L'apocalisse normale
Erano le 19:10, mercoledì, quando la terra ha tremato ancora. Poi l’ha fatto di nuovo, alle 21:18, e alle 23:42. Nel mezzo, un’infinità di scosse minori (ripetizioni, le definiscono gli esperti, ma adesso le chiamano così anche sull’autobus). Dopo la prima scossa, quando la terra ha tremato perfino a Roma, proprio come il 6 aprile del 2009 e come il 24 agosto scorso, la memoria, come un istinto, è volata alle immagini di Amatrice, di Arquata, di Accumoli. Alla ferita aperta da poco più di due mesi. Ai morti. Sembrava soltanto una questione di tempo. Solo che più il tempo passava, più la notizia, quella notizia, non arrivava. Intorno alle dieci di sera Marco Rinaldi, sindaco di Ussita, comune di quattrocento anime in provincia di Macerata, seduto sopra l’epicentro del sisma, è intervenuto a SkyTg24: “L’ultima scossa è stata terribile, lunga e di una violenza inaudita, sono crollate parecchie case e la facciata di una chiesa. E’ una situazione apocalittica”. L’apocalisse era ciò che ci aspettavamo, e il sindaco di Ussita, con le sue parole comprensibilmente concitate, oltre a raccontare la situazione di un paese colpito dal terremoto, dal freddo, dalla pioggia battente e dalle frane, più che una notizia stava confermando la nostra profezia. O il nostro pregiudizio: il sospetto dell’eccezionalità, della straordinarietà dell’evento. Il terremoto – ci stava dando ragione! – era “un’apocalisse”. La parola chiave, che stava correndo veloce sui social network e nei titoli dei telegiornali, ha iniziato a rallentare solo quando una delle componenti fondamentali dell’immagine apocalittica è venuta a mancare: i morti.
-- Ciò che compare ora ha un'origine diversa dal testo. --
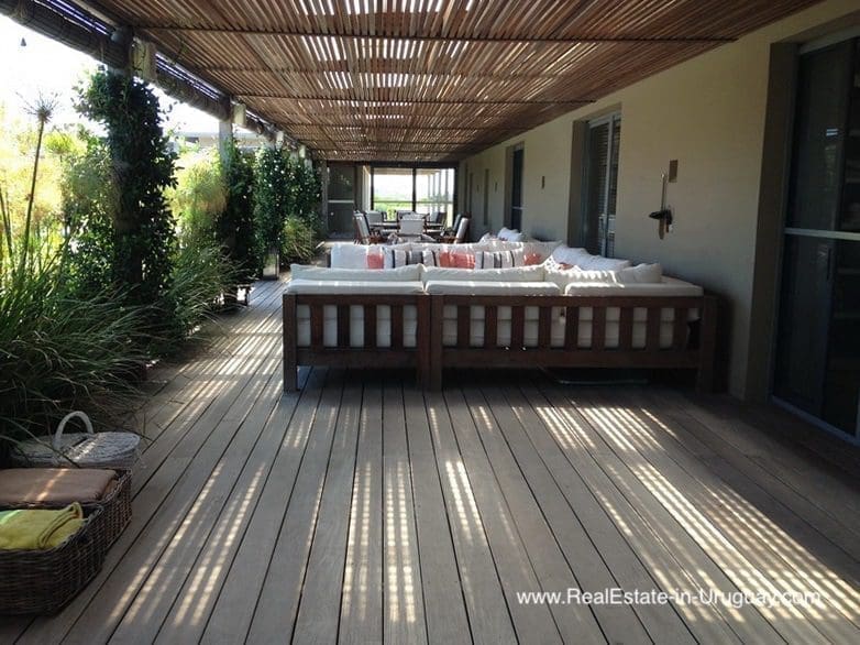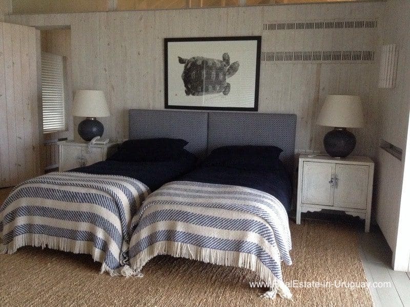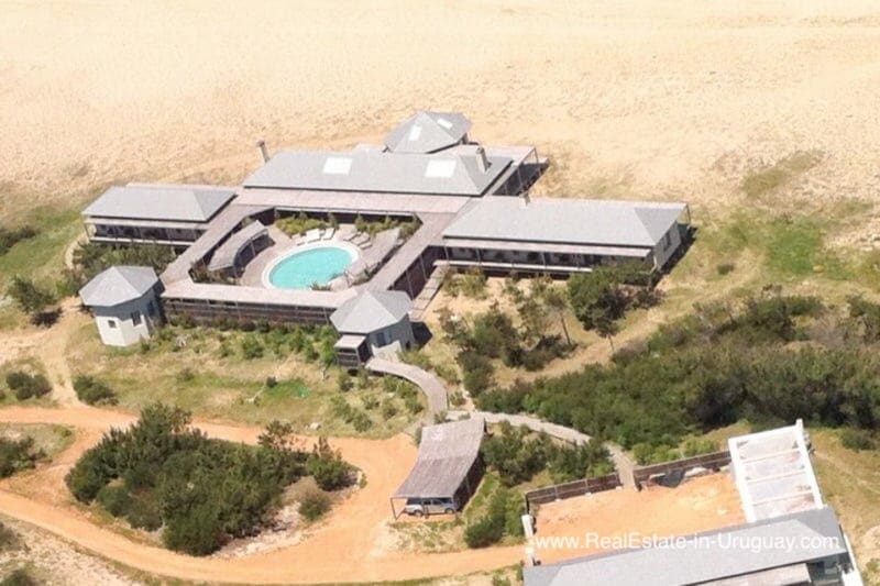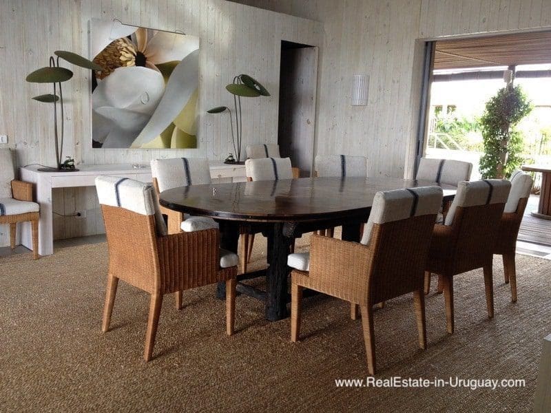 One of a kind beach front property near Punta del Este on 26 hectares land with direct access to the beach and ocean in a secluded private area on the seashore. The property features several species of native flora in a landscape with which the architecture of the prestigious Architect Mario Connio blends into the natural surroundings. The property is composed of different buildings joined by decks and pergolas with a very intimate pool of 58m2 in the middle and lush vegetation. Multiple Lapacho wood decks and spaces overlook the beach and the sea. In the main building of the house is the living room with a bar, dining room, kitchen, separate reading room and a cinema with blue-ray sound system. The property features five spacious, comfortable and bright suites overlooking the sea. The main suite is made up of an independent module. This house has floor heating with hot water re-circulation in all the rooms and it works with 12 solar panels and/or gas boiler), hot and cold air conditioning in all rooms, automatic curtains throughout the house, perimeter alarm, access with automatic gate opening and closed circuit surveillance camera, fire system, automatic power generator, wireless internet, 5 telephone lines (2IP), wastewater treatment plant. A true oasis to enjoy wonderful vacations throughout the whole year and being about 30 minutes away from Punta del Este. A viewing is highly recommended.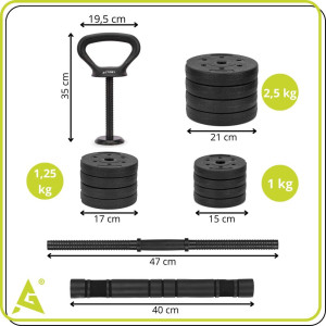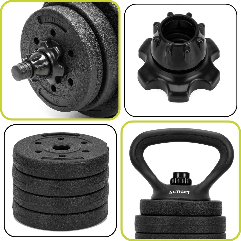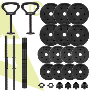 Konstrukce setu je navržena pro pravidelné zatížení a dlouhodobé používání. Materiály jsou odolné proti opotřebení a vhodné pro domácí i klubové prostředí. Celková hmotnost 30 kg poskytuje dostatečný rozsah pro začátečníky i pokročilé. Díky chytrému systému sestavení je set skladný a ideální i do menších prostor.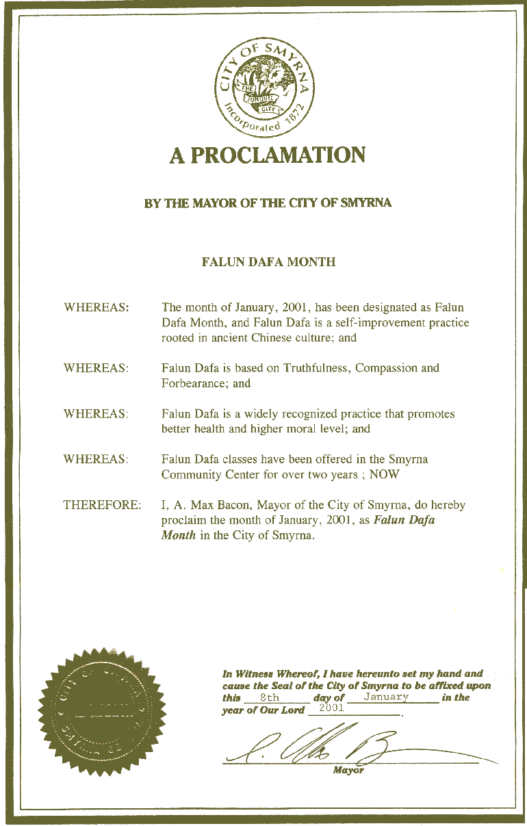 【明慧网2001年1月19日】乔治亚州斯马瑞纳市市长宣布2001年1月为“法轮大法月”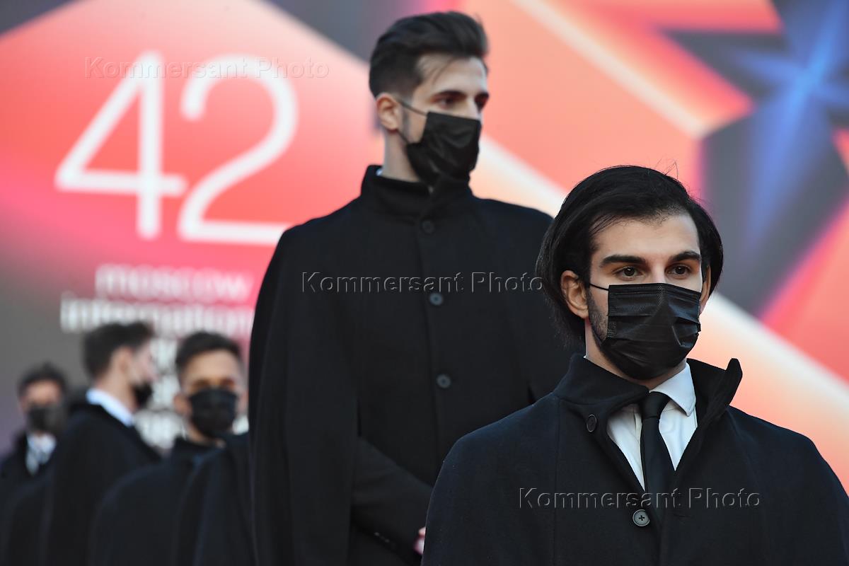 42nd Moscow International Film Festival (MIFF). The opening ceremony. The film crew of the film "Silver Skates" on the red carpet before the ceremony.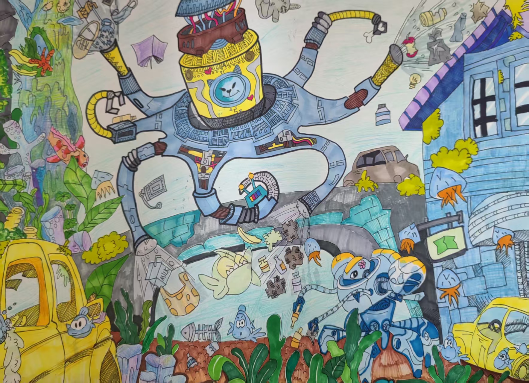 我用鲜艳的颜色画机器人,让它们看起来充满力量;把海洋里的垃圾和小鱼画得清清楚楚,就是想让大家看到污染多可怕。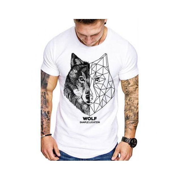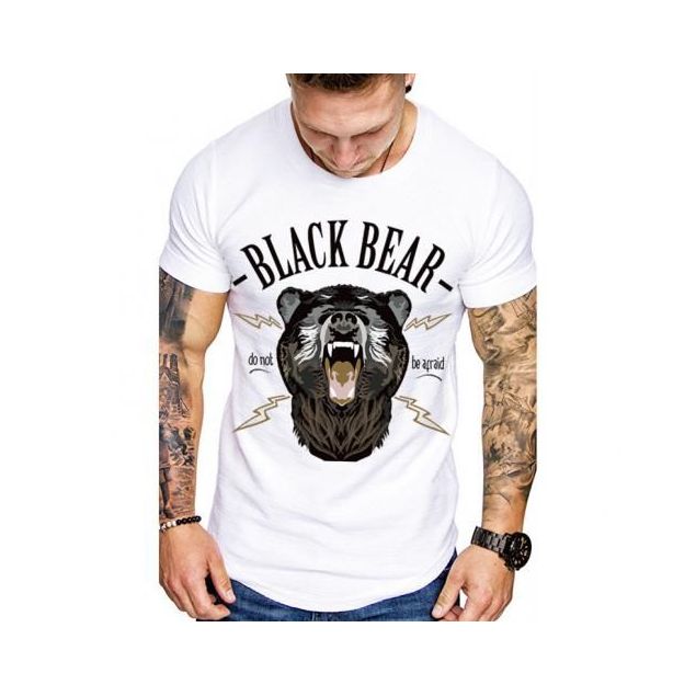 T-shirt col rond à manches courtes pour hommes, T-shirt décontracté à la mode avec impression 3D blanc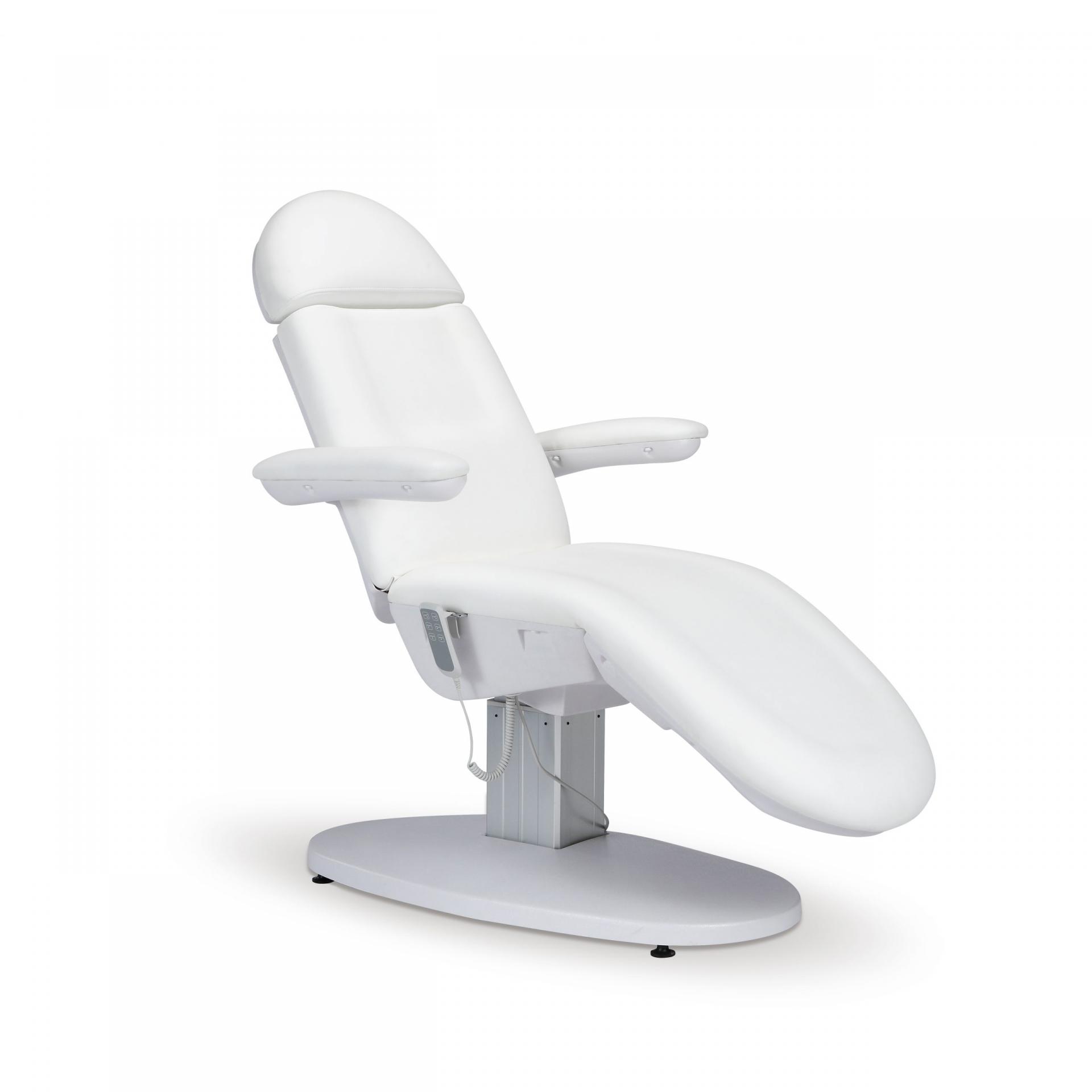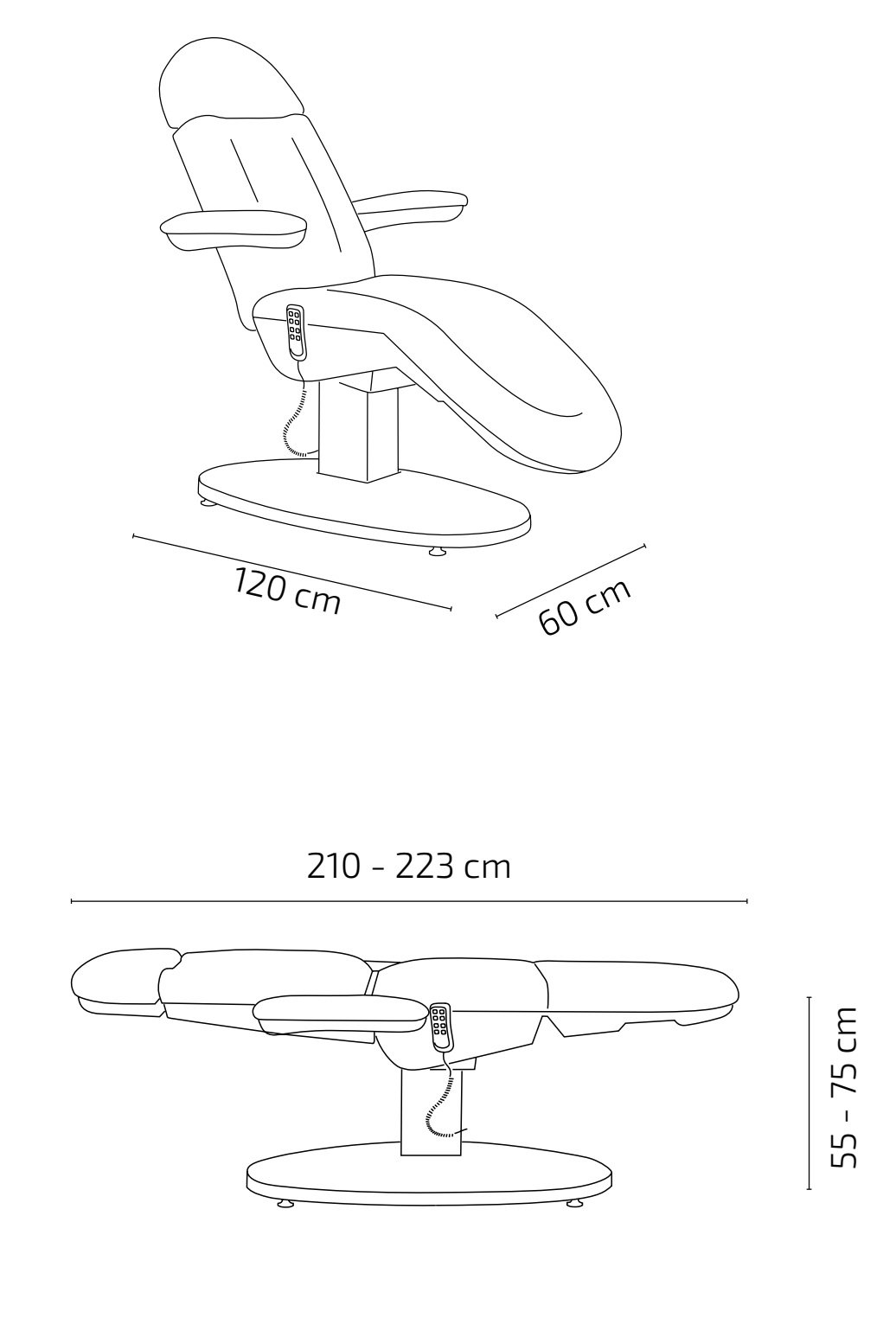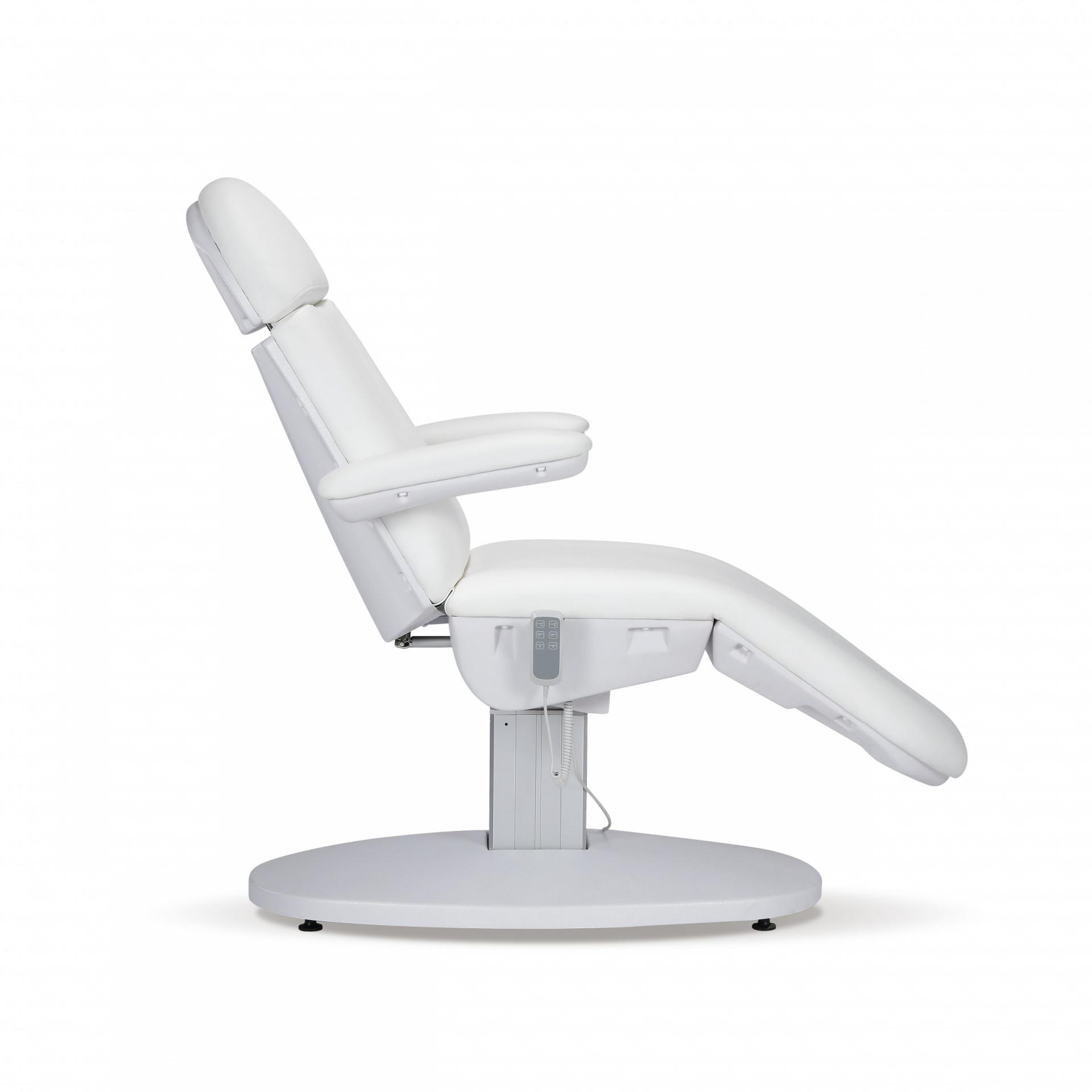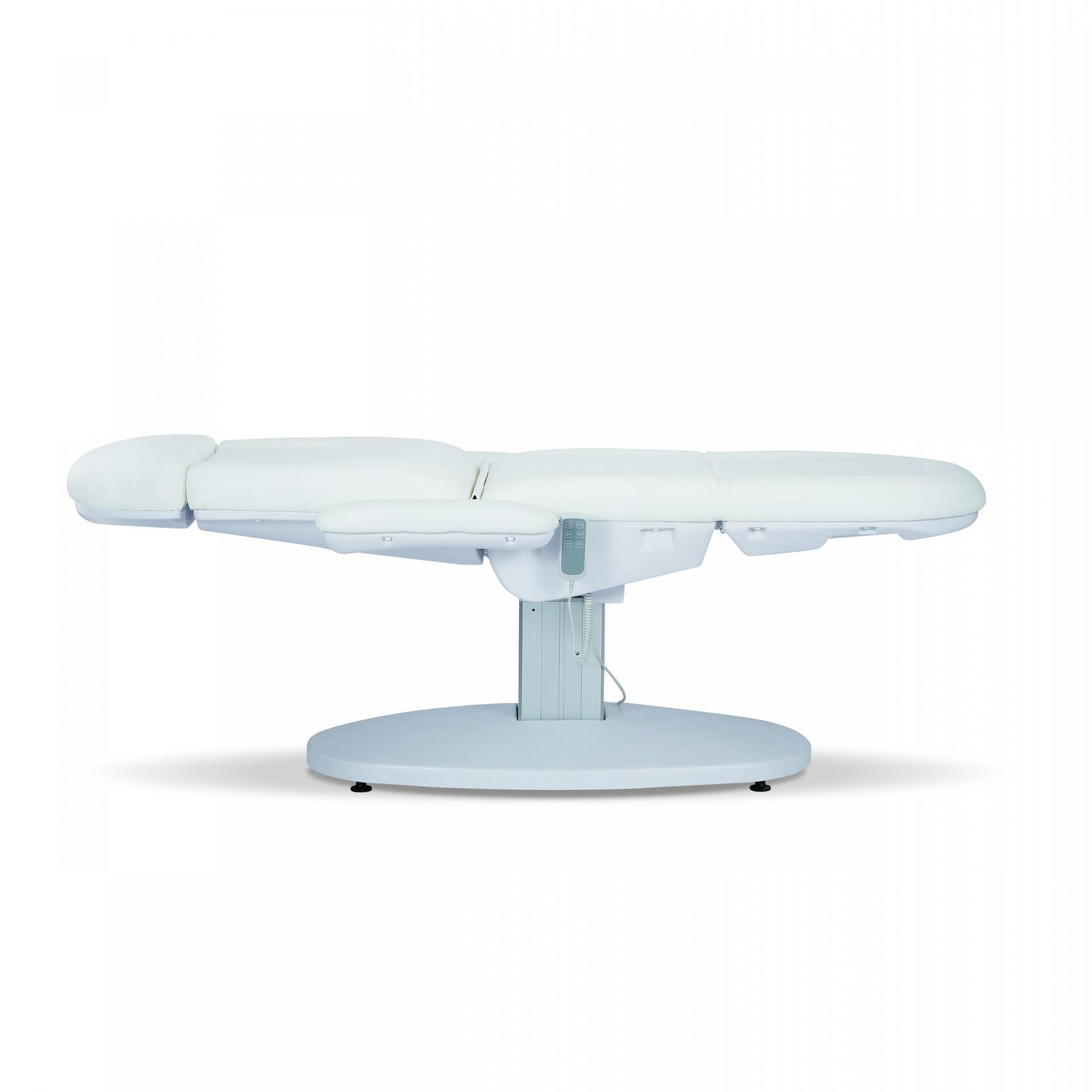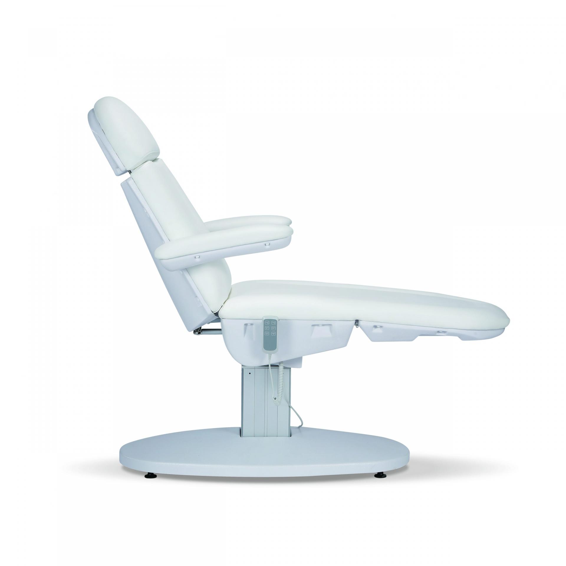 Camilla de estética de alta gama con estructura muy estable y robusta. Equipada con 3 motores que permiten regular la altura, la inclinación del respaldo y la inclinación del asiento. Reposapiés regulable mediante pistón de gas y reposabrazos abatibles. Control de pie opcional.

Ed eccola, dunque, la seconda fase dell’eccezionalità dell’evento: un terremoto di magnitudo 5.9 che in Italia non fa vittime – a parte purtroppo un signore di settantatré anni morto di paura a Tolentino. Di nuovo una immagine biblica, evocata da molti online ma soprattutto dal ministro dell’Interno, Angelino Alfano: “Se confermata l’assenza di vittime e feriti gravi il bilancio del terremoto è miracoloso, vista l’intensità delle scosse”. Dall’apocalisse al miracolo, insomma, il passo è breve perché di fronte a un evento naturale del quale si possono solo contenere i danni, ma dal quale non si può sfuggire, in Italia l’unico esercizio è quello della ricerca dell’eccezionalità, della reazione irrazionale, divina (o divinatoria, non è un caso se soltanto qui siano stati processati degli scienziati per non aver predetto un sisma che, com’è noto, è impossibile da prevedere). Il filosofo tedesco Helmuth Plessner, che aveva studiato l’uomo come “essere biologico” ma anche la sua peculiarità di animale dalle molteplici forme espressive, nel 1941 ne Il riso e il pianto descriveva le due espressioni più peculiari dell’uomo come i due momenti in cui la razionalità non risponde, e il corpo reagisce in una forma che erutta al di là del controllo.
Ma l’altra sera, mentre gli inviati si avvicinavano agli sfollati di Ussita, Visso e Castelsantangelo sul Nera, di lacrime non se ne trovavano: non c’erano morti su cui piangere, o meglio, solo lo sfregio del sisma al passaggio. Il terremoto si era già trasformato in qualcosa di più razionale, quasi rituale. E se l’Italia è uno dei paesi del Mediterraneo a più alto rischio sismico, la continua, ossessiva ricerca di eccezionalità dell’evento sembra quasi in contraddizione col suolo su cui camminiamo. I media hanno la loro parte di responsabilità: in Giappone, dove la mortalità per gli eventi sismici è ridotta al minimo, in caso di terremoto i giornali pubblicano informazioni utili alla popolazione, ma poco più. Per ogni evento, ripetere le stesse cose è un esercizio di stile inefficace, un riempitivo. E a forza di voler trovare a tutti i costi una giustificazione irrazionale per i morti (o per i sopravvissuti) tocca ricorrere a parole come apocalisse, o miracolo, invece di trattare il problema per quello che è.